Evidence that Warren had a particular reason for charging that another had com*291mitted the offense tended to affect Warren’s credibility and should have been admitted. See State v. Smith, supra, 377 S.W.2d 245, a case where evidence was admitted showing the prosecuting witness’ motive for falsely accusing the defendant; also the discussion by Judge Medina in United States v. Lester (C.C.A. 2) 248 F.2d 329, 334, on the admissibility of evidence showing a witness has a motive to falsify the testimony he has given. See,. also, Wimberly v. State, 94 Tex.Cr.R. 252, 250 S.W. 691, 693, for the proposition that the motives of a witness in testifying are never to be regarded as merely collateral and that any testimony which sheds light on the animus, prejudice, or self-interest of a state witness toward the accused is admissible also 98 C.J.S. Witnesses § 545, p. 486, stating as follows:
“The interest or bias which a witness who is not a party has in the result of * * * criminal prosecution has a bearing on his credibility; hence it may be exposed by the opposite party.”
It makes no difference that defendants did get in the testimony of Tull that Warren told him he took care of Hawkes. They were also entitled to have Warriner’s testimony before the jury. Tull was shown to have convictions for armed robbery, offering violence to a guard, burglary and larceny, kidnapping, car theft, and carrying concealed weapons. His prison report, used by the state in cross-examination, also showed an offense of “lying to the warden”, for which he was disciplined. By contrast, Warriner had only one felony mark against him, a conviction for robbery. The jury may well have chosen to disbelieve Warren had they also known of his statement to Warriner.

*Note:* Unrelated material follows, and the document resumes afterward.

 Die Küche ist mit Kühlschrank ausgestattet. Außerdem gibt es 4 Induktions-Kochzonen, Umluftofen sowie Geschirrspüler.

Motive and interest of a witness are never immaterial. Here material, relevant and competent evidence bearing on the motive of a key witness for testifying as he did was improperly excluded, and for that reason I would reverse the judgment and remand for a new trial.

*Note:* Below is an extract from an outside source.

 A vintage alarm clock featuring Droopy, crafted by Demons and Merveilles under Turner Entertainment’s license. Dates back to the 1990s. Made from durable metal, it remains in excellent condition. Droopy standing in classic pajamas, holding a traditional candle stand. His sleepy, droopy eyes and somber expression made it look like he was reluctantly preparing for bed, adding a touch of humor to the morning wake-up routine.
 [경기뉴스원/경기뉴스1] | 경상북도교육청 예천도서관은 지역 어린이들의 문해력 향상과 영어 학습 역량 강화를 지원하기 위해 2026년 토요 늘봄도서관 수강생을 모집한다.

. “Deal” as here used, by one convict to another, was obviously a slang expression and meant a successful crime. As a noun, used as slang, it means, according to the Dictionary of American Slang, by Wentworth and Mexner, published in 1960, T. Y. Crowell Company, “An unethical transaction or agreement from which both parties benefit; an unethical agreement, the trading of favors”. A Dictionary of Americanisms, University of Chicago Press, 1951, p. 469, defines the slang meaning of “deal” as “A transaction or arrangement, expecially one involving secret, conniving or disreputable machinations.” The jury could reasonably infer, in the context of the circumstances under which the remark was made, and without direct'*testimony as to what the word “deal” meant, that Warren was reporting to Hanks he had taken care of a situation which was otherwise a threat to both of them. However, if an explanation were required, we point out that the offer of proof was made as to what the witness’ answer would be to the question as to whether he had a conversation with Warren “in reference to the death of Hawkes”.